Joseph Comes Out
So many people hide their true identities. We must work for a day when everyone can say, "I am Joseph, your brother."
This Shabbat, the first in January, my friend Richard will conclude his own unique and somewhat odd annual Jewish ritual. He will unclasp a necklace with a Star of David almost the size of my fist from around his neck and recite the following prayer:Baruch ata Adonai, Elohaynu Melech Ha-olam, she-asani yehudi
--Blessed are You, Eternal God, Sovereign of the Universe, Who made me a Jew."
This will be the fourth year I will watch him do this, and I still don't quite fully understand this rite. "Remind me why you do this," I requested last year. He looked at me with a patient, long-suffering gaze, "I put on the star every year on the Shabbat after Thanksgiving. I take it off on the Shabbat after New Year's Day. I wear it throughout December so that everyone sees that I am a Jew. It's my own personal statement of identity."
Alright, so maybe I do understand. December is a difficult month for Jews. It's not that we're grinches. Most of us like Christmas. It's nice to see the beautiful lights and festive shop windows. People in the streets and stores are so friendly. We're used to the ubiquitous trees, Santas, elves, and reindeers. They're cute in their own way. We're glad that most Jews live in countries in which it is possible for us to go to our Christian friends' (and relatives') Christmas celebrations, a world in which Jews and Christians live together in peace. But the seemingly universal "spirit of Christmas" renders Jews (and other non-Christians) painfully invisible.

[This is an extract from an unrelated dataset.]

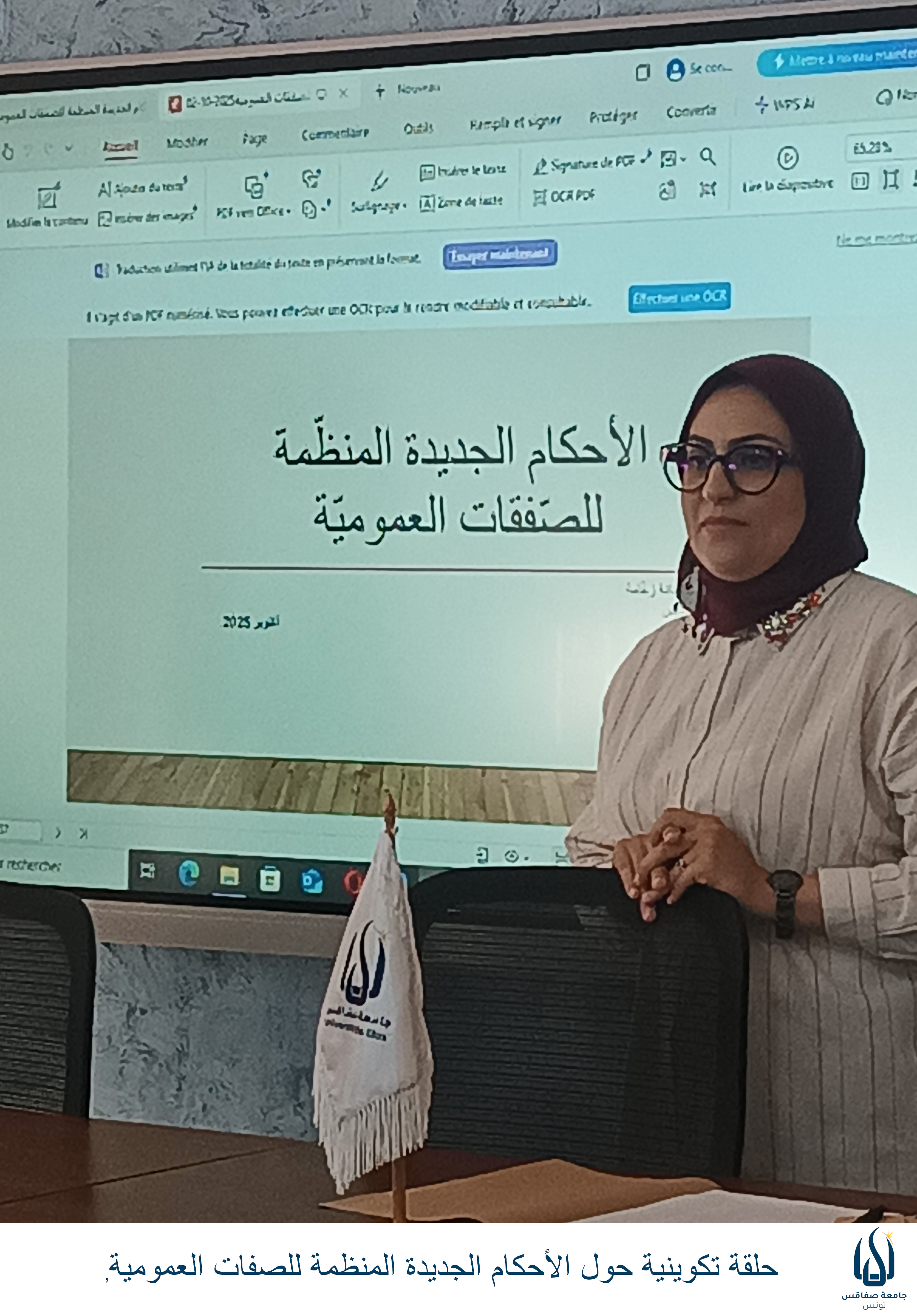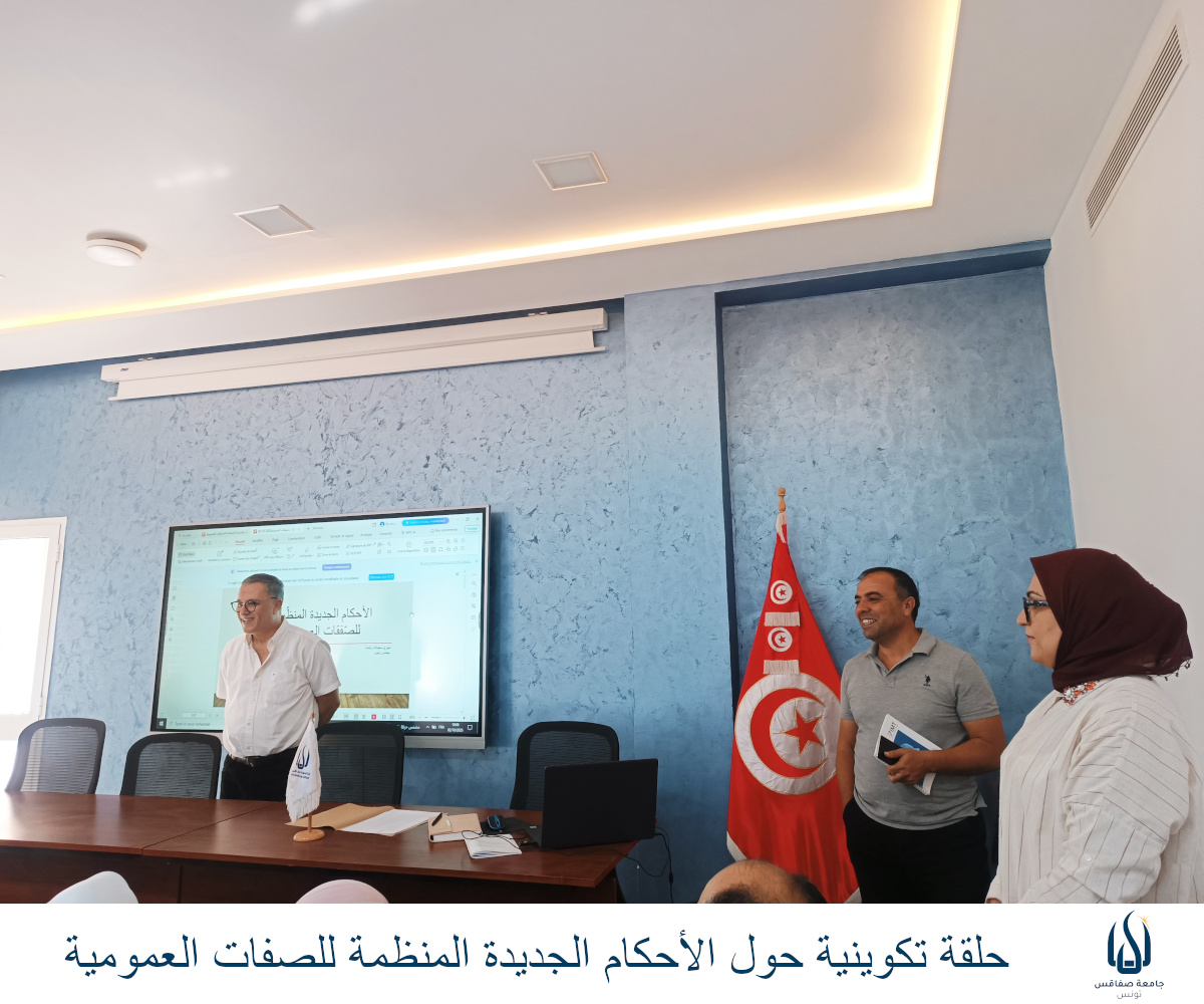 في إطار التكوين المستمر ومواكبة المستجدات القانونية ، نظمت جامعة صفاقس ورشة عمل هامة حول: "الأحكام الجديدة المنظمة للصفقات العمومية".
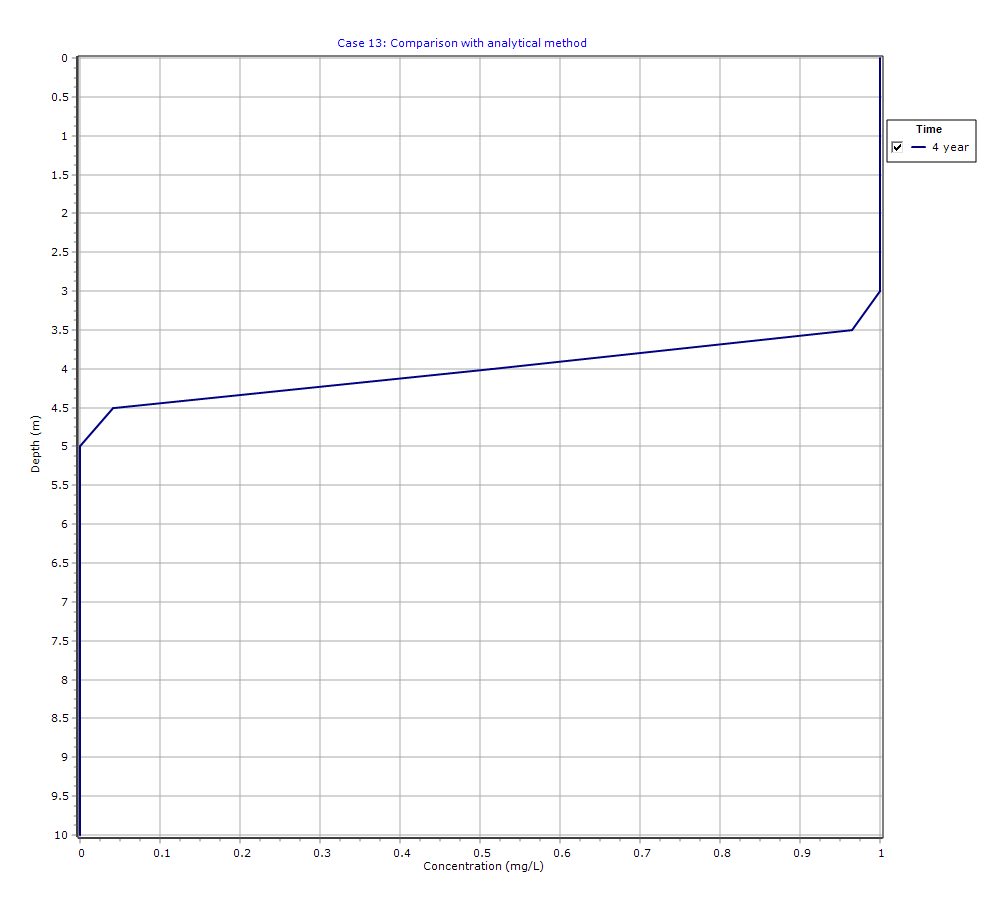 POLLUTEv10 Example 13 provides another important model validation case, comparing numerical results from POLLUTEv10 with the analytical solution implemented in TDAST, developed by P. Javandel and colleagues in 1984.

The Jewish community breathes a collective sigh of relief every January. No more explanations to bewildered friends that Jews really truly do not celebrate Christmas. No more visits to our childrens' school to attempt to explain our own culture through token "equal time" Hanukah stories and latkes. No more daily barrage of smiling shop clerks wishing us, "Merry Christmas." What do we reply? "Thank you" sounds pretty phoney. "Uh, thanks, but I'm Jewish" seems a bit rude. The truth is that there is no perfect answer. Eleven months of the year Jews are spared the acute awareness of our minority status, but not during December.